-- PROMPT --
Once the pictures are set aside, copy the data below exactly as it stands.

-- COLLECTED DATA --
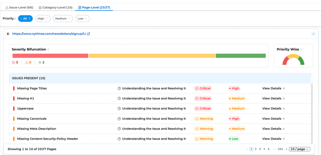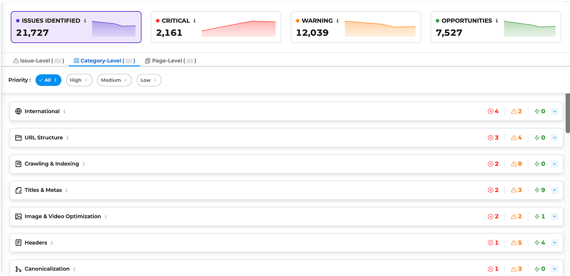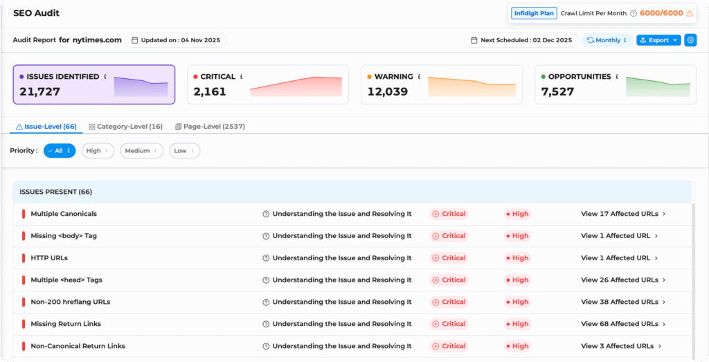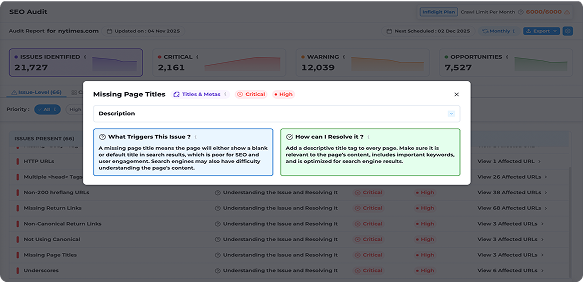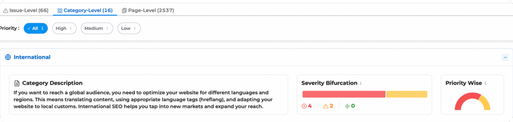 The AI in Infigrowth’s SEO audit tool prioritizes SEO issues by analyzing their impact on site performance, search rankings, and user experience. It categorizes them into high, medium, and low priority, ensuring that the most critical problems are addressed first for optimal results.
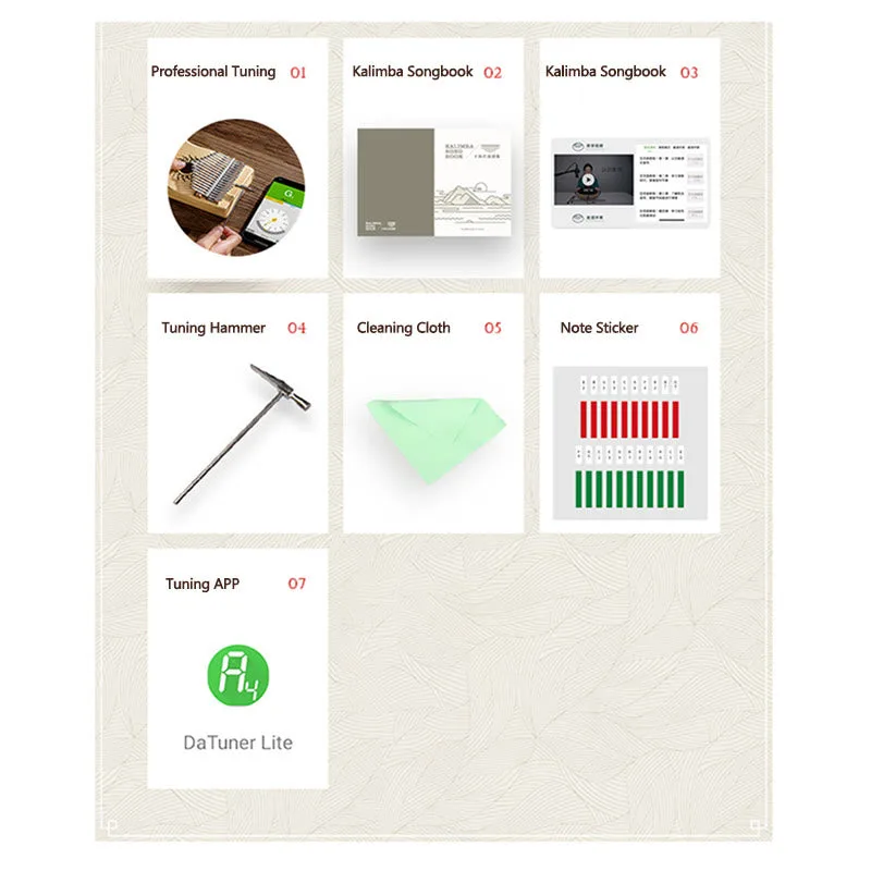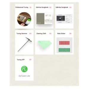 - Package Included: Kalimba*1. Kalimba Songbook*1. Tuning Hammer*1. Note Sticker*1. Cleaning Cloth*1
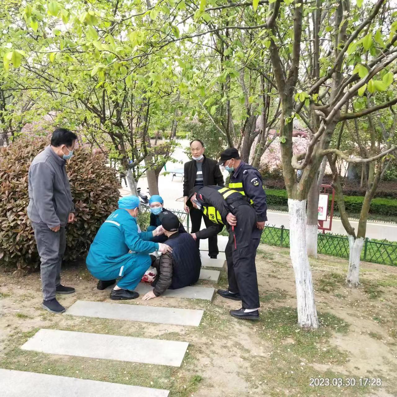 3月30日下午,一位70多歲的老人在漯河市沙澧河風(fēng)景區(qū)老虎灘公園下臺階時不慎摔倒。此時,正在附近巡邏的我公司分隊長成戰(zhàn)攻,突然發(fā)現(xiàn)這位老人滿臉是血癱坐在地,就趕緊上前詢問并立即拔打120急救電話。

-- ANSWER FOR THIS EXERCISE --
 The AI in Infigrowth’s SEO audit tool prioritizes SEO issues by analyzing their impact on site performance, search rankings, and user experience. It categorizes them into high, medium, and low priority, ensuring that the most critical problems are addressed first for optimal results.
 - Package Included: Kalimba*1. Kalimba Songbook*1. Tuning Hammer*1. Note Sticker*1. Cleaning Cloth*1
 3月30日下午,一位70多歲的老人在漯河市沙澧河風(fēng)景區(qū)老虎灘公園下臺階時不慎摔倒。此時,正在附近巡邏的我公司分隊長成戰(zhàn)攻,突然發(fā)現(xiàn)這位老人滿臉是血癱坐在地,就趕緊上前詢問并立即拔打120急救電話。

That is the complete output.